Мы беседуем с Романом Григорьевичем в маленькой театральной комнатушке во время спектакля.
- Марксисты на протяжении многих лет в этой стране понятия индивидуальности и личности соединяли воедино. Им это было, по-видимому, выгодно. Но индивидуум - то, что зависит от папы, от мамы, от социальных, экономических, политических условий, от среды. Личность же существует только благодаря свободе и создается до момента, как мы появляемся на этот свет. Поэтому личность невозможно ни уничтожить, ни подчинить. Не ты руководишь своей жизнью. Жизнь твоя предопределена свыше. Если ты это понимаешь, то трудности, с которыми сталкиваешься, только взращивают личность. И каждый кошмар - необходимая ступенька для роста духа. Личность в этом мире проверяется. Она либо крепнет, либо гибнет.
- У вас кошмаров было много?
- Естественно. Кто знает историю этой страны, тот понимает, что то, чем я занимался, было как бы частью государственного дела. Театр, искусство, культура обслуживали правящий класс коммунистов. Они считали это частью общепролетарского.
- У Ленина даже была работа "Партийная организация и партийная литература".

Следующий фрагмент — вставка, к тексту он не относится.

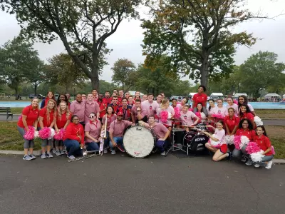 QUEENS, N.Y.- The St. John’s dance, cheer and band programs all participated in the Making Strides Against Breast Cancer event over the weekend by showing support and encouraging the walkers as they took part in the race.

- Да. Они считали это частью общепролетарского дела. Мое же глубокое убеждение, что культура (она от слова "культ") происхождения религиозного, зачиналась у церковных ворот, поэтому никакого отношения к социальному процессу не имеет. Искусство не принадлежит народу, искусство не принадлежит никому.
- Оскар Уайльд утверждал, что искусство существует только ради искусства.
- Конечно. Искусство первичнее жизни. Искусство как бы покрывало жизни, оно - поверх жизни. Гении, которые определяли путь в искусстве, предвосхищали то, что будет происходить в обществе.
- Вы всегда шли вразрез с обществом?
- Я думаю, что искусство всегда должно быть в противовес государству, художник никогда не может шагать "в ногу", сердце у него никогда не находится с левой стороны. Если нет этого противостояния общепринятому, нет личности. Личность - это свобода, а государство - это царство необходимости, царство закабаления. И чем острее эти противоречия, чем они глубже, тем интереснее произведения, которые создаются художниками.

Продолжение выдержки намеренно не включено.